DATA SUPPLIED:
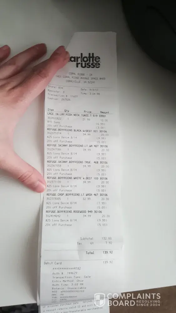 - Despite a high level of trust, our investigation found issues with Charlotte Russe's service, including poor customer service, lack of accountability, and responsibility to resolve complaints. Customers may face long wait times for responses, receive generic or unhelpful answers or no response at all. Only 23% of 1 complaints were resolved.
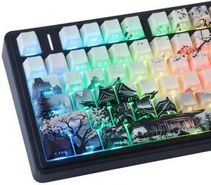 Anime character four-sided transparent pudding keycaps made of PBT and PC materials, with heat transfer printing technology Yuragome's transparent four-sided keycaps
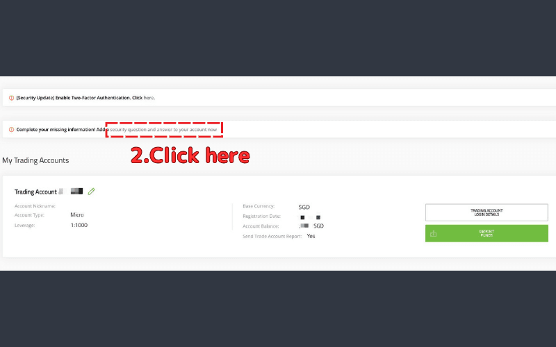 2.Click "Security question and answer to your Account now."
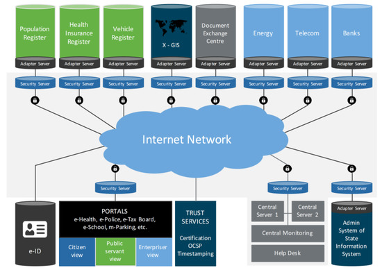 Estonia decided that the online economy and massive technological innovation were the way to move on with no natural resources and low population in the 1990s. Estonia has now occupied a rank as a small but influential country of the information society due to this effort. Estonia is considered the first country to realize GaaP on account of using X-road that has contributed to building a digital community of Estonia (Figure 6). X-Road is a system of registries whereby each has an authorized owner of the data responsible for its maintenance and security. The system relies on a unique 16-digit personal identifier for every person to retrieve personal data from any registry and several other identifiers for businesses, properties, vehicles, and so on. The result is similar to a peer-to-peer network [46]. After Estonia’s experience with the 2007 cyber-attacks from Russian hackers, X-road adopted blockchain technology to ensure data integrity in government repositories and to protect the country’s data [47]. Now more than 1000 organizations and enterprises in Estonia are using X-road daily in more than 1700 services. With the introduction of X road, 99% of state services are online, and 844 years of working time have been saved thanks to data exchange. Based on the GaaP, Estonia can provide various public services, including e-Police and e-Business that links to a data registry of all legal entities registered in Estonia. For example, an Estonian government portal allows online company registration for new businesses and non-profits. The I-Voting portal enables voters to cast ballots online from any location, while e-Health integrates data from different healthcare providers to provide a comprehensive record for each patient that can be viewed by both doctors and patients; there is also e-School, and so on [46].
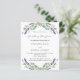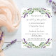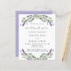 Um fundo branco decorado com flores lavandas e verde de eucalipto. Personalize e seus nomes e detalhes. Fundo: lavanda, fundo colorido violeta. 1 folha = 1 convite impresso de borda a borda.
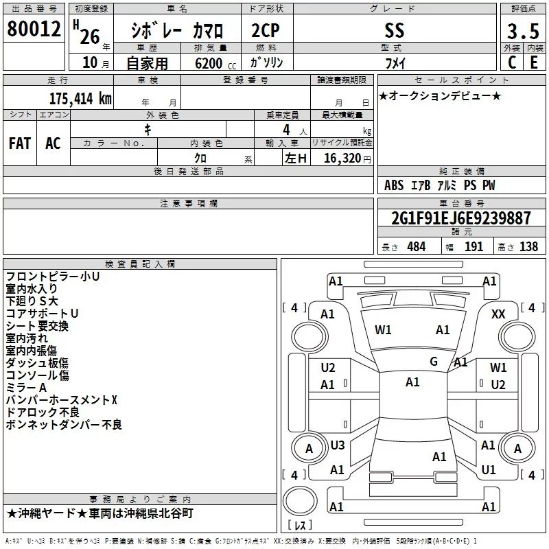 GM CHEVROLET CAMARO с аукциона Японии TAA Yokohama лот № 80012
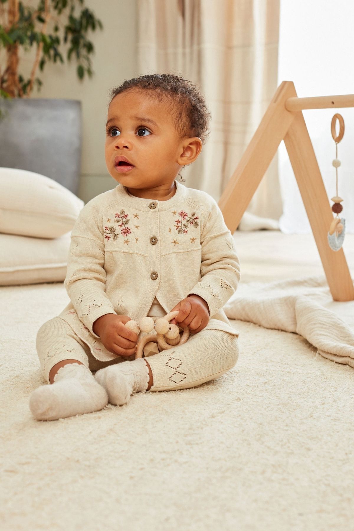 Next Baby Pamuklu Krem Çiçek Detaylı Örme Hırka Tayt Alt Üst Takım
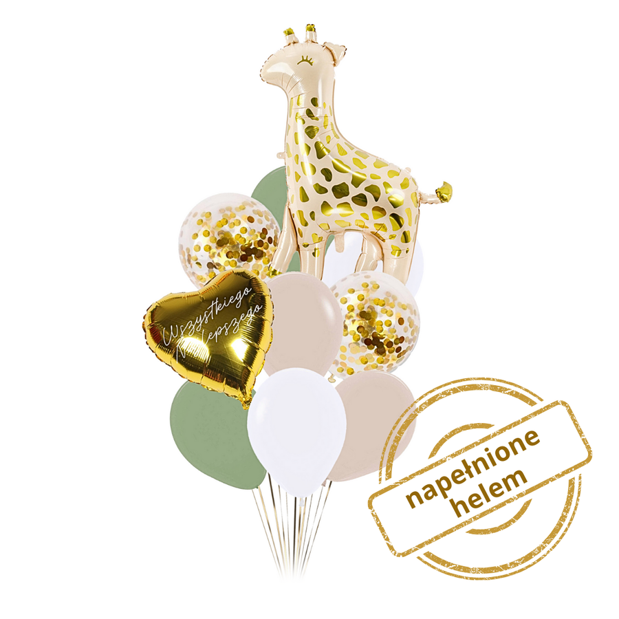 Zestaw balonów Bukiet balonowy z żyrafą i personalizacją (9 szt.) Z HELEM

---

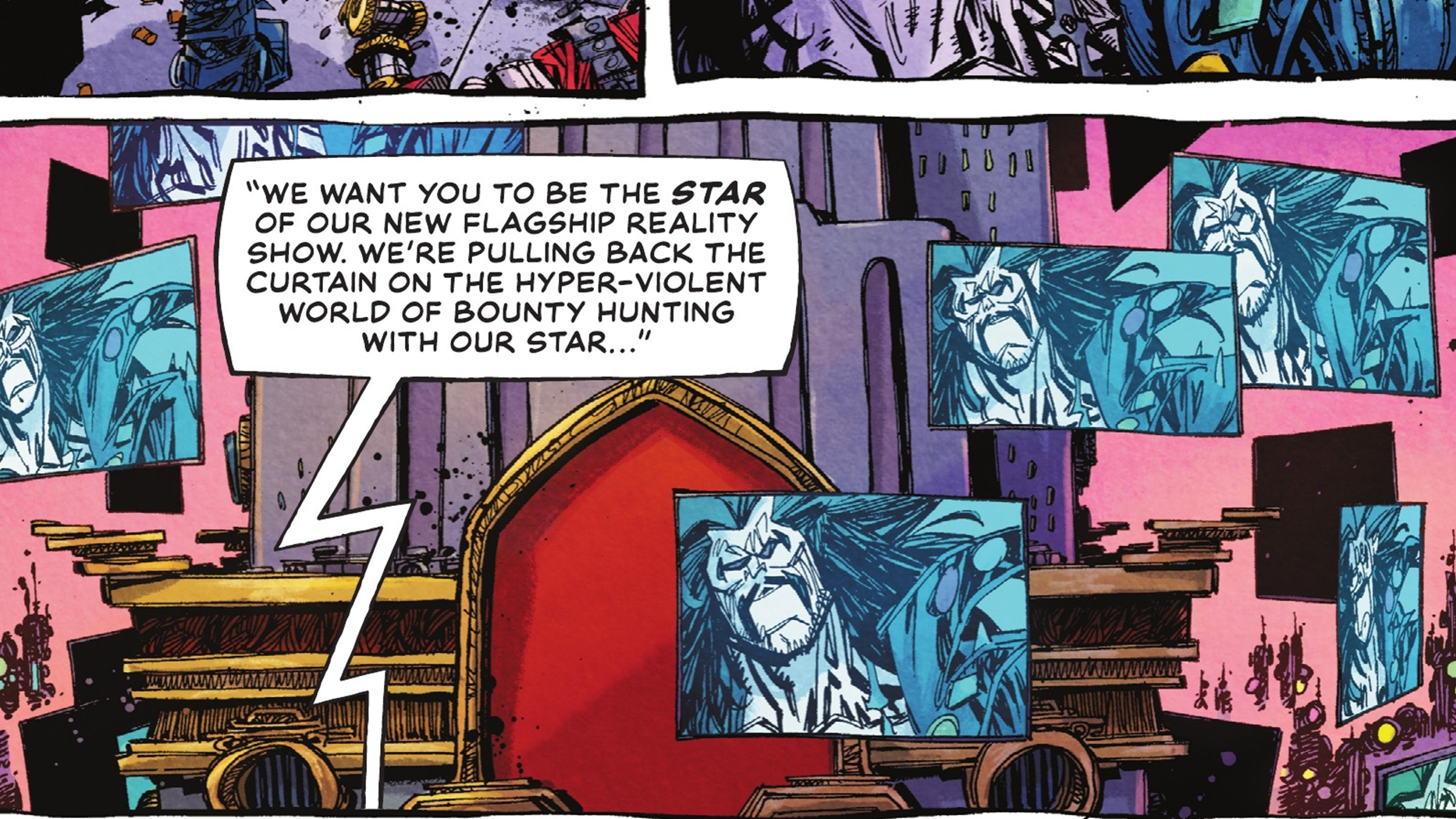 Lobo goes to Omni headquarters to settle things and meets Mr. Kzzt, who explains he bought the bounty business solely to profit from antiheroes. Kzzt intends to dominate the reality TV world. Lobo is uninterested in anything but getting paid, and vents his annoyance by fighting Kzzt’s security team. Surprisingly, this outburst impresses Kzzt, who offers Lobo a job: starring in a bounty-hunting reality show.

YOUR OBJECTIVE:
Using the entries above, write out exactly the lines from the one with "Next Baby Pamuklu" through the one with "Zestaw balonów Bukiet", ends included. Leave out any pictures.

RESPONSE:
 Next Baby Pamuklu Krem Çiçek Detaylı Örme Hırka Tayt Alt Üst Takım
 Zestaw balonów Bukiet balonowy z żyrafą i personalizacją (9 szt.) Z HELEM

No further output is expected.